=== Section Start ===

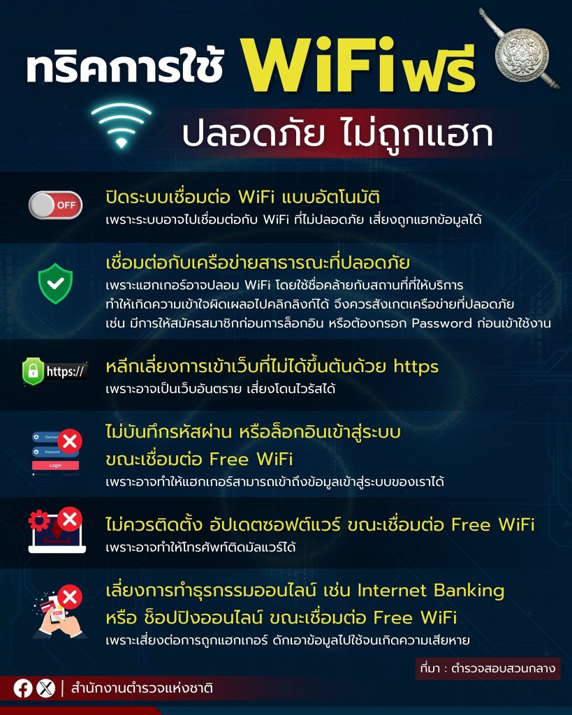 สำนักงานตำรวจแห่งชาติ ขอแชร์ทริคจากตำรวจสอบสวนกลาง (CIB) แนะนำวิธีใช้ Free WiFi ให้ปลอดภัย ดังนี้
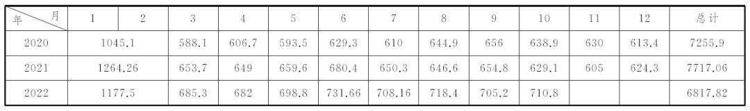 表4 2020~2022年氧化鋁產量統計表
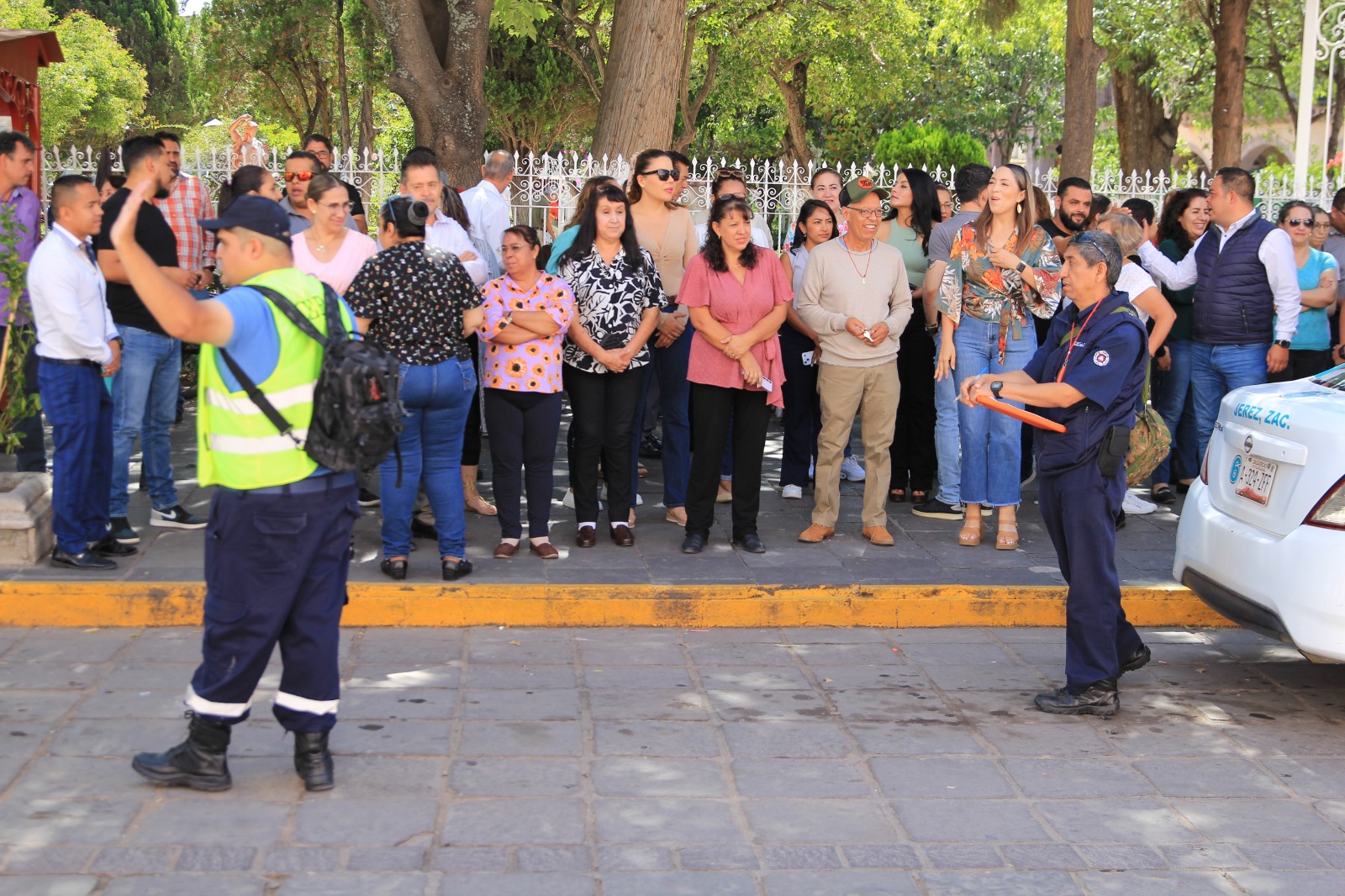 El Gobierno Municipal encabezado por el Alcalde Rodrigo Ureño Bañuelos, y la ciudadanía jerezana, se sumaron al Simulacro Nacional de Evacuación 2024, reiterando así su interés en la cultura de prevención y autoprotección ante contingencias.
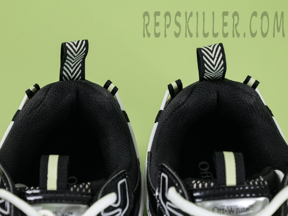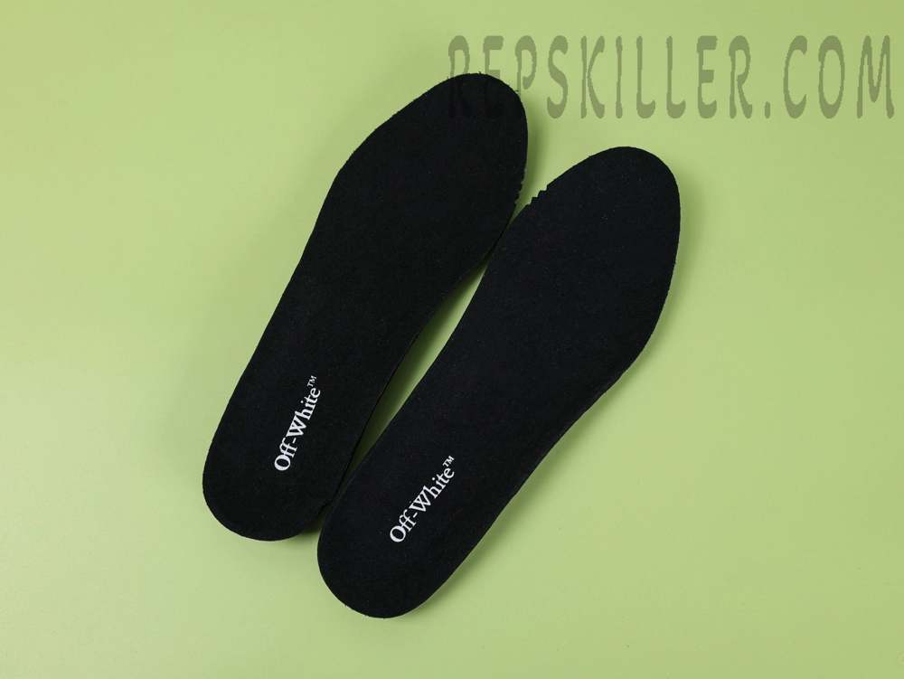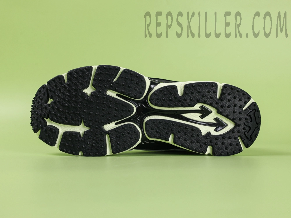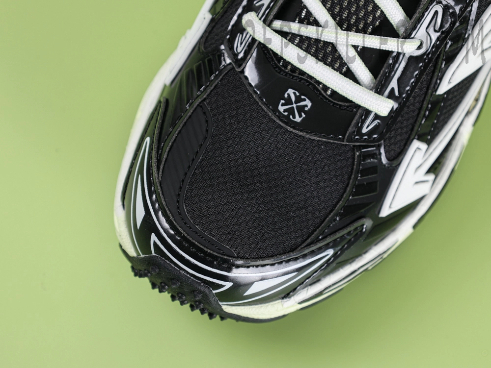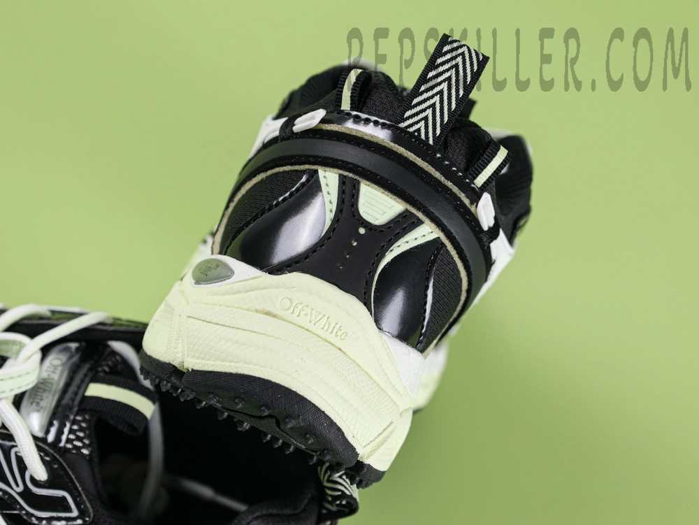 The Off-White Be Right Back ‘Grass Green Black’ reimagines the trail runner silhouette with a bold, futuristic aesthetic. The upper features a technical blend of black mesh and glossy synthetic overlays, accentuated by signature arrow logos in reflective white. The midsole is sculpted with layered EVA foam in a light green hue, providing a striking visual contrast and responsive cushioning. A rugged outsole ensures grip and durability, while branded hits like the metallic Off-White™ plaque on the heel deliver unmistakable designer flair. Built for city explorers and fashion-forward minds alike.

=== Section End ===

* [Problem] From the line with "El Gobierno Municipal" through the final line of the data above, copy everything exactly, both ends included, but not the pictures.

* [The completed task]
 El Gobierno Municipal encabezado por el Alcalde Rodrigo Ureño Bañuelos, y la ciudadanía jerezana, se sumaron al Simulacro Nacional de Evacuación 2024, reiterando así su interés en la cultura de prevención y autoprotección ante contingencias.
 The Off-White Be Right Back ‘Grass Green Black’ reimagines the trail runner silhouette with a bold, futuristic aesthetic. The upper features a technical blend of black mesh and glossy synthetic overlays, accentuated by signature arrow logos in reflective white. The midsole is sculpted with layered EVA foam in a light green hue, providing a striking visual contrast and responsive cushioning. A rugged outsole ensures grip and durability, while branded hits like the metallic Off-White™ plaque on the heel deliver unmistakable designer flair. Built for city explorers and fashion-forward minds alike.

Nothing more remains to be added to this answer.